Motivation, impact, problems addressed

Global aviation accounts for approximately 2.1% of global CO2 emissions and, by 2050, these are expected to be seven to ten times higher than in 1990 due to the increase in air-traffic. To achieve the EU environmental goals by 2050, drastic improvements over current existing aircraft configurations should be implemented in terms of energy efficiency, reduction of the environmental impact, or increase of passenger comfort and safety[1]. In this context, the implementation of novel holistic and circular approaches, leveraging the potential of Artificial Intelligence (AI), Internet of Things (IIoT), digital twins (DT), and automatised robotics solutions will offer the European aeronautics industry and the whole aviation ecosystem the opportunity to maintain their global competitiveness and leadership while moving forward towards climate neutrality.

 

Thus, in GENEX, the development of a novel holistic end-to-end DT-driven approach is proposed. The main goal is to provide a framework for managing data from all systems and tools for gaining knowledge from overall composite component lifecycle by the integration of (1) innovative in-line process monitoring systems for measuring the manufacturing quality, (2) optimized on-board and on-site sensors for structural health and usage monitoring and remaining useful life prediction, and (3) advanced digital-based tools and methods for improving maintenance and repairing.

By building the new DT framework, GENEX target to deliver digital and eco-efficient manufacturing technologies to ensure flawless entry into service of composite parts as well as to advance further health assessment and MRO processes to allow continuous airworthiness of European aircrafts.

 

Work performed and main achievements

During the first 6 months of the project, the consortium worked on the definition of specifications of materials, sensors, and systems to be developed and/or used during the project as well as on the definition of a representative use case to demonstrate the manufacturing and monitoring technologies. An aircraft spar structure was selected with this purpose. Furthermore, the agreement on the Architecture Solution Design or the IIoT framework and its functional and non-functional requirements were achieved.
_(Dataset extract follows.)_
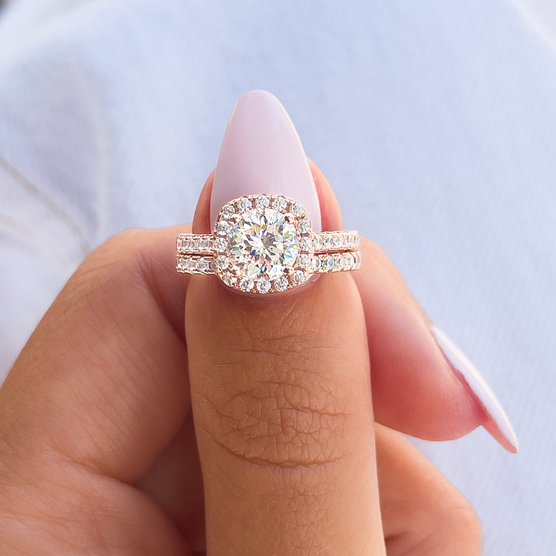 When designing The Evermore in rose gold, we wanted to capture the essence of pure romance and created our reigning best selling wedding set in a stunning rose gold hue. Featuring a 1.5 carat round cut center stone set in a halo and an elegant half-eternity wedding band, this timeless semi-channel 925 sterling silver set will forever be reminiscent of your beautiful love story. Wear The Evermore - Rose Gold on its own for a timeless vibe, or pair it with The Zoey for something more unique! Also available in silver and gold.

Once the ground of the project was established, parallel work was launched in the three main technological blocks, namely: manufacturing, health and usage monitoring and repair.  The main achievements of each block are summarised as follows:

  1. Several material formulations based on the 3R technology were developed, characterized, and tested for manufacturing by ATL process. A final version of the material is almost ready and undergoing final fine tuning. A hybrid physical- and data-driven simulation of the crystallisation process has been developed to be used as the digital counterpart of the manufacturing process. For the real-time monitoring of the process, a THz spectroscopy monitoring system has been proved as a feasible technology to quantify the evolution of the crystallinity.
  2. Both hardware and software have started to be developed. On the hardware side, different MFC sensors have been characterized and a preliminary sensor network designed. Moreover, the architecture for data collection and wireless communication has been prototyped. On the software side, the piezoelectric behaviour has been implemented in an HPC scalable open-source code. Meanwhile, machine learning algorithms have been trained showing a good performance in predicting the size and location of delaminations. Finally, a methodology for validation of delamination progression models has been validated for Mode I.
  3. A first version of the hardware and software interface for visual-assisted scarf repair has been done. The feasibility of a laser ablation system to detect and clean contaminants from the composite surface has been demonstrated. A first prototype of a digital tool for heating blanket repair design has been developed. Lastly, the evaluation of smart bonded patch repair has been completed at coupon level showing both the capability of detecting bonding damage and stopping the crack progression.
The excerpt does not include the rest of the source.